# About this task
Reproduce all the data exactly, without pictures.

# Supplied material
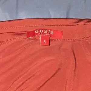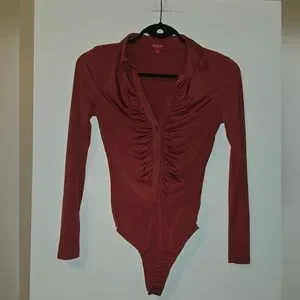 Satin-look button-front blouse with ruched center. Long fitted sleeves and classic collar. Smooth, slightly glossy finish for an elevated style.
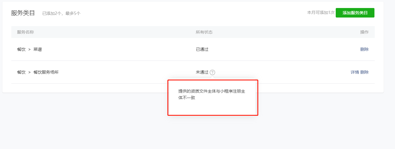 不知为何会显示“提示的资质文件与小程序注册主体不一致”
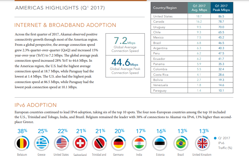 Akami creates a report every quarter about the state of internet penetration and average internet speeds.
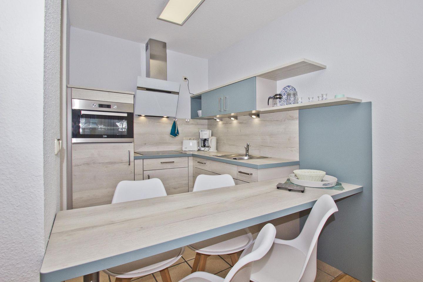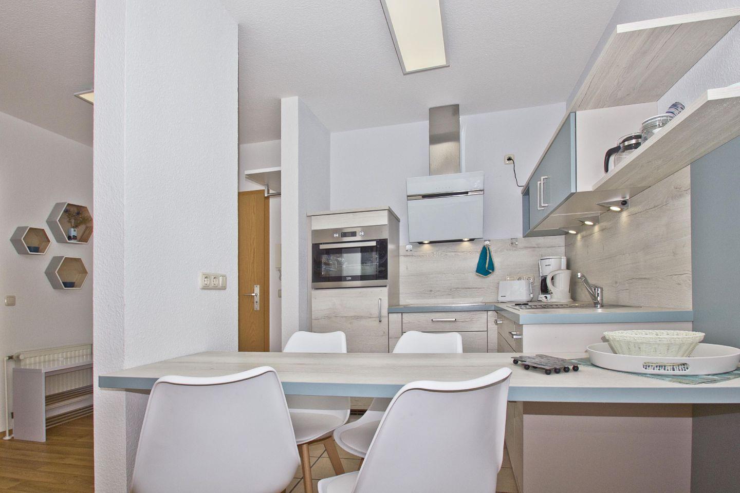 KÜCHE // offene Küche, 4-Platten Herd, Spülmaschine, Kühlschrank mit Gefrierfach, Backofen, Toaster, Wasserkocher, Kaffeemaschine, reichlich Besteck, Geschirr und Küchenutensilien ++

# Expected answer
 Satin-look button-front blouse with ruched center. Long fitted sleeves and classic collar. Smooth, slightly glossy finish for an elevated style.
 不知为何会显示“提示的资质文件与小程序注册主体不一致”
 Akami creates a report every quarter about the state of internet penetration and average internet speeds.
 KÜCHE // offene Küche, 4-Platten Herd, Spülmaschine, Kühlschrank mit Gefrierfach, Backofen, Toaster, Wasserkocher, Kaffeemaschine, reichlich Besteck, Geschirr und Küchenutensilien ++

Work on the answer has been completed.